Pictures in the data must not be copied, but everything else should be output exactly.

====== Data for review ======

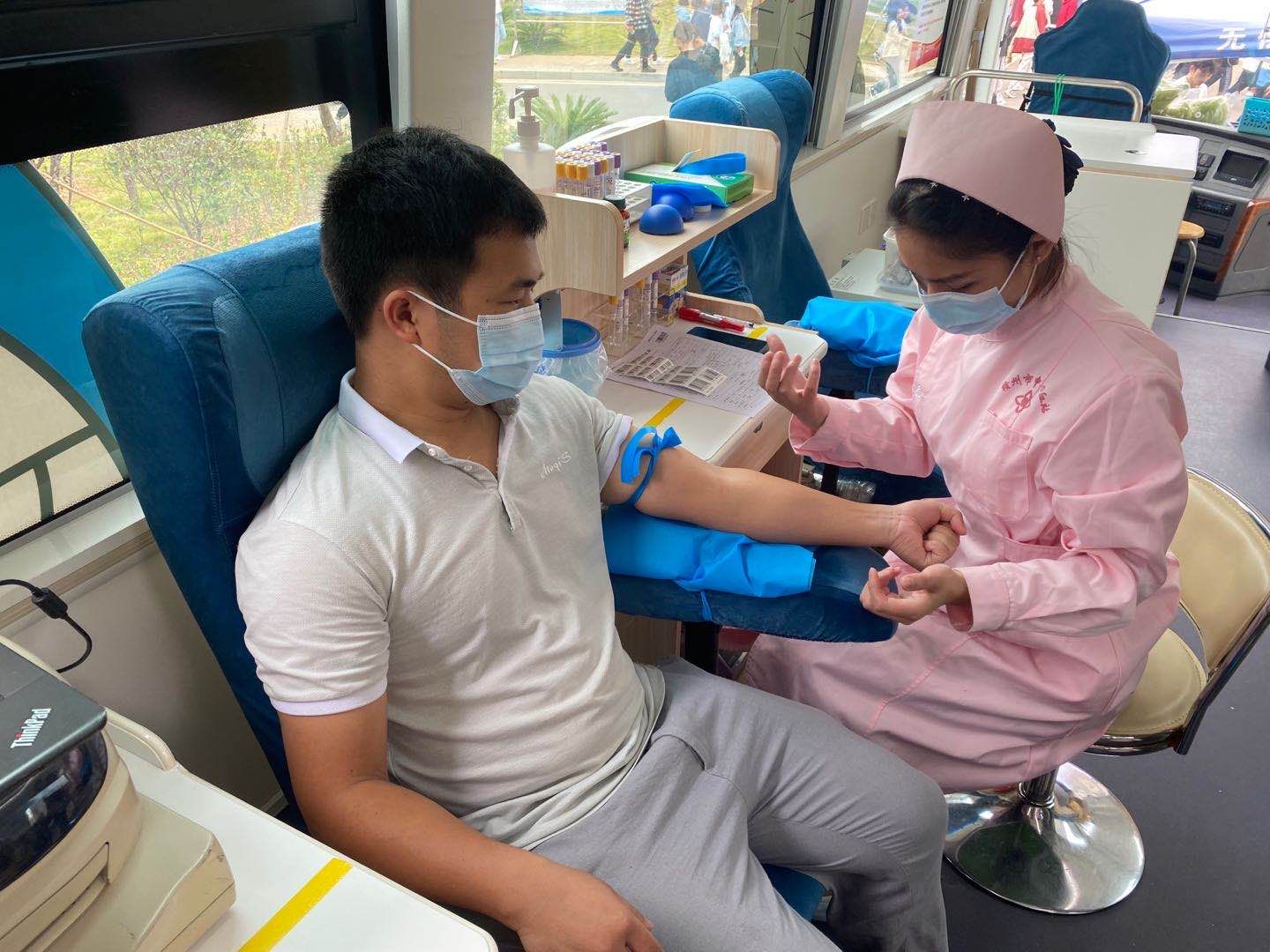 (胡劍老師前往獻(xiàn)血希望隨輸血袋流向需要的人)
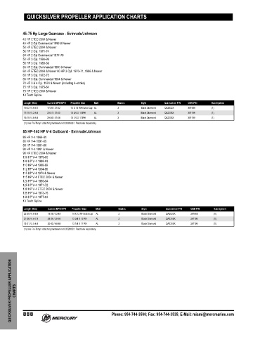QUICKSILVER PROPELLER APPLICATION CHARTS 888 Phone: 954-744-3500; Fax: 954-744-3535; E-Mail: miami@mercmarine.com
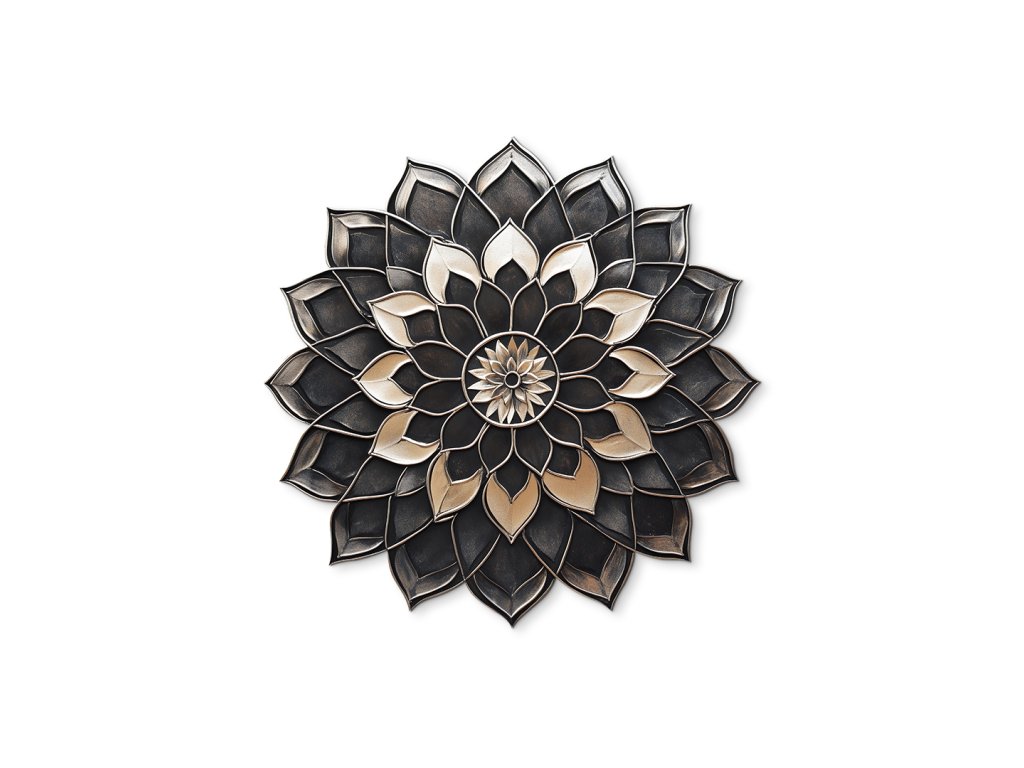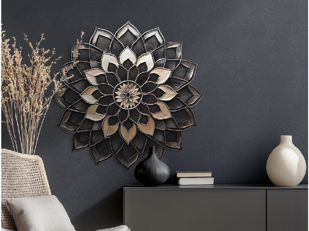 Elegantní kruhová dekorace s vrstvenými okvětními lístky vytváří dojem zářícího slunce. Tmavé vnější a lesklé vnitřní části přinášejí kontrast a hloubku, přičemž středový květinový detail umocňuje umělecký výraz. Skvělá volba pro stylové oživení interiéru.
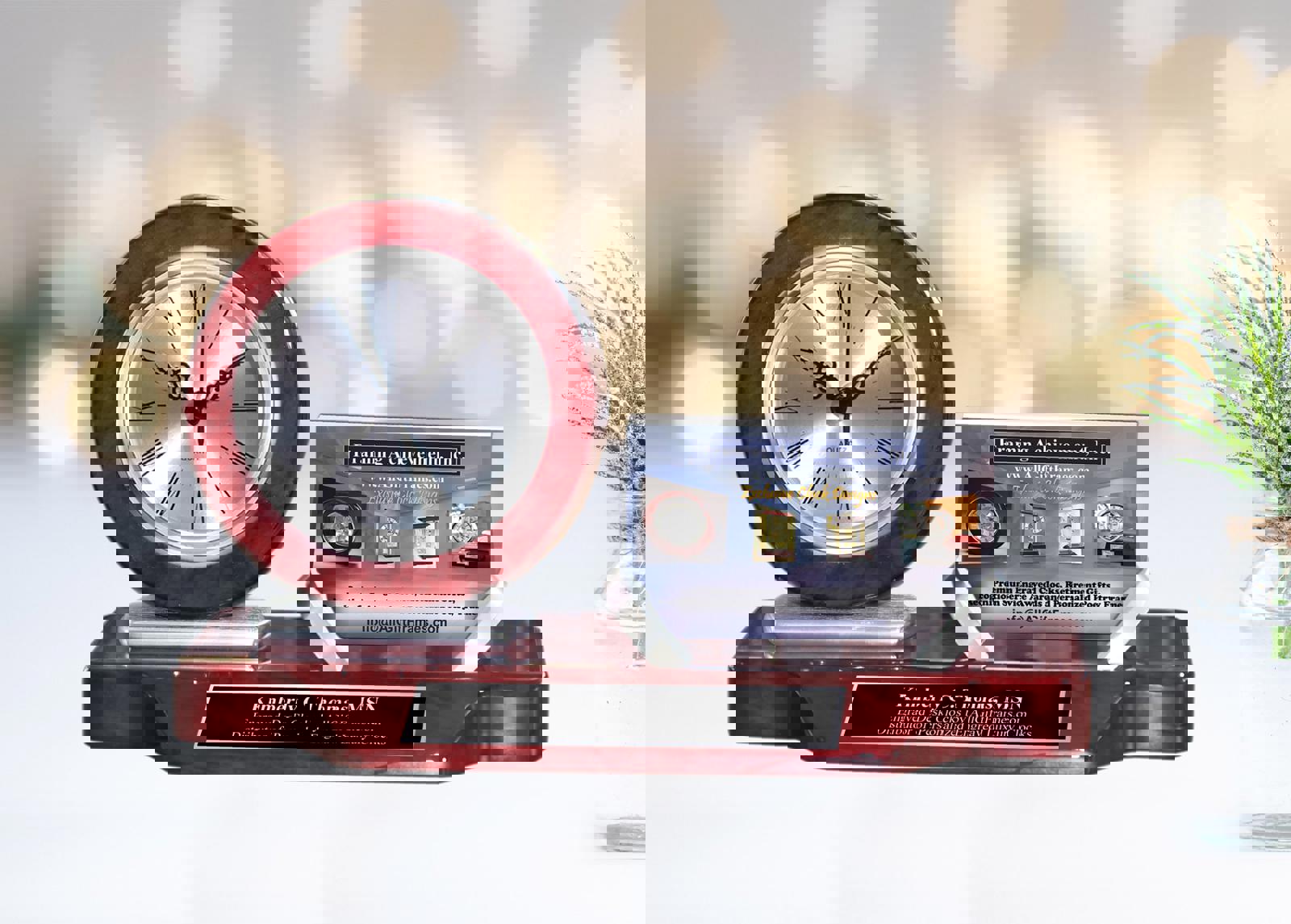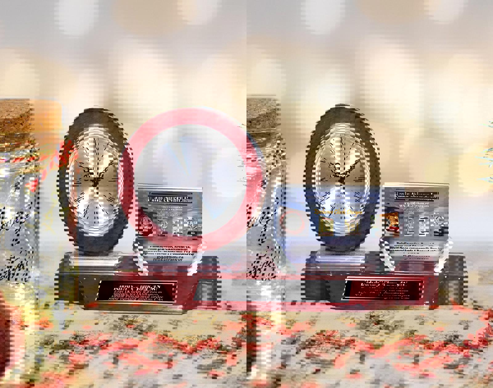 The luxurious name plate with clock truly succeeds as recognition or retirement gift with outstanding design as a retirement graduation company promotion employee service award birthday present. Let our custom name plate desk clock accessories corporate personalized etched clocks and personalized company employee promotion products imagination wander and explore the possibilities that you can create with AllGiftFrames recognition awards and trophies. Rating high on style and elegance, Framing Achievement's corporate engraved clocks and personalized glass appreciation presents are the first choice in premium employee appreciation service gifts. Custom Business Card Holder Engraved Executive Name Plate Display Combo Wood Desk Black Etched Silver Clock Personalized Gift Graduation Graduate Employee Promotion
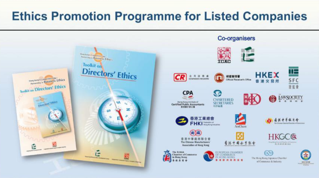 The Hong Kong Business Ethics Development Centre (HKBEDC) of the ICAC partnered with 18 co-organisers to launch the three-year Ethics Promotion Programme for Listed Companies in 2015. The Programme aims at enhancing the awareness of the top management and related professionals of the importance of practising ethical leadership and implementing good corporate governance.
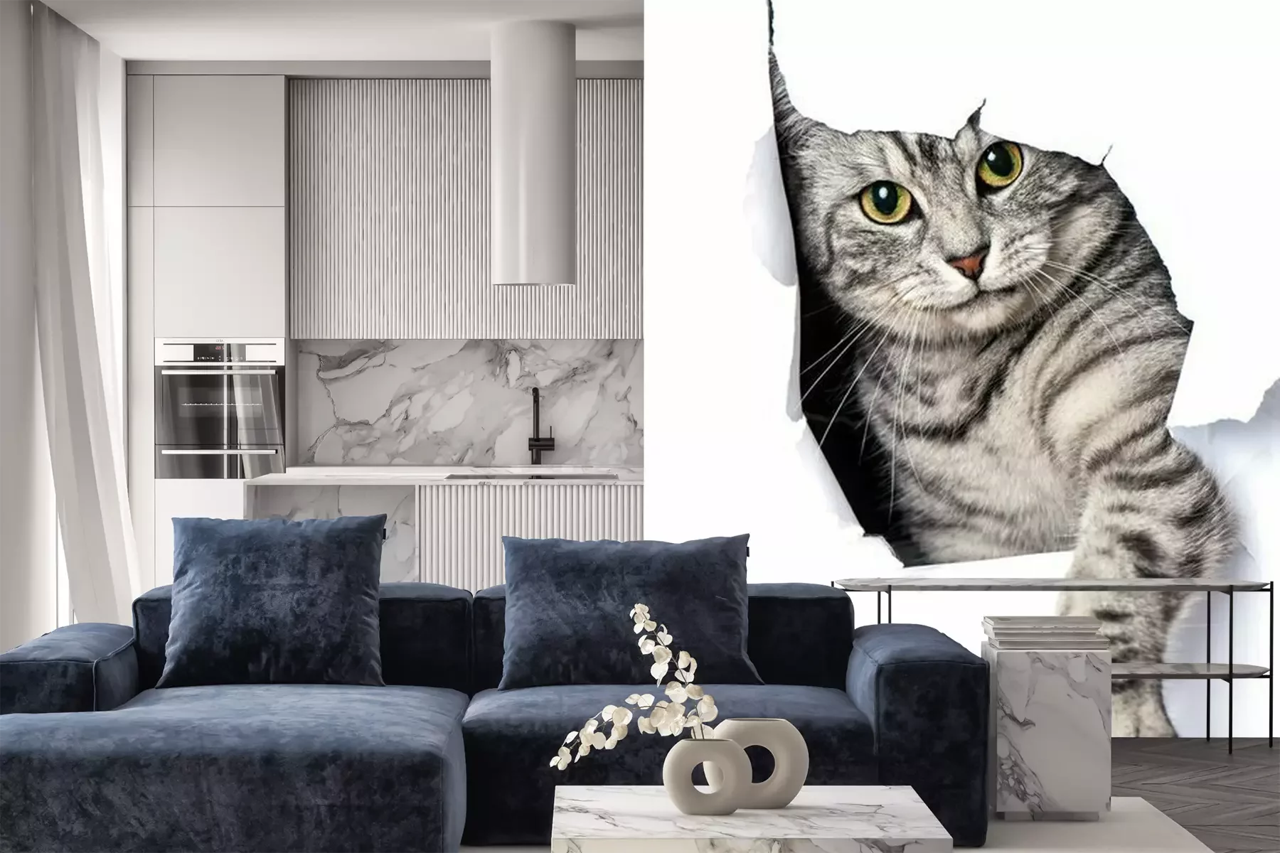 Fotobehang Kat 3D in papier

======

= Exercise output =
 (胡劍老師前往獻(xiàn)血希望隨輸血袋流向需要的人)
QUICKSILVER PROPELLER APPLICATION CHARTS 888 Phone: 954-744-3500; Fax: 954-744-3535; E-Mail: miami@mercmarine.com
 Elegantní kruhová dekorace s vrstvenými okvětními lístky vytváří dojem zářícího slunce. Tmavé vnější a lesklé vnitřní části přinášejí kontrast a hloubku, přičemž středový květinový detail umocňuje umělecký výraz. Skvělá volba pro stylové oživení interiéru.
 The luxurious name plate with clock truly succeeds as recognition or retirement gift with outstanding design as a retirement graduation company promotion employee service award birthday present. Let our custom name plate desk clock accessories corporate personalized etched clocks and personalized company employee promotion products imagination wander and explore the possibilities that you can create with AllGiftFrames recognition awards and trophies. Rating high on style and elegance, Framing Achievement's corporate engraved clocks and personalized glass appreciation presents are the first choice in premium employee appreciation service gifts. Custom Business Card Holder Engraved Executive Name Plate Display Combo Wood Desk Black Etched Silver Clock Personalized Gift Graduation Graduate Employee Promotion
 The Hong Kong Business Ethics Development Centre (HKBEDC) of the ICAC partnered with 18 co-organisers to launch the three-year Ethics Promotion Programme for Listed Companies in 2015. The Programme aims at enhancing the awareness of the top management and related professionals of the importance of practising ethical leadership and implementing good corporate governance.
 Fotobehang Kat 3D in papier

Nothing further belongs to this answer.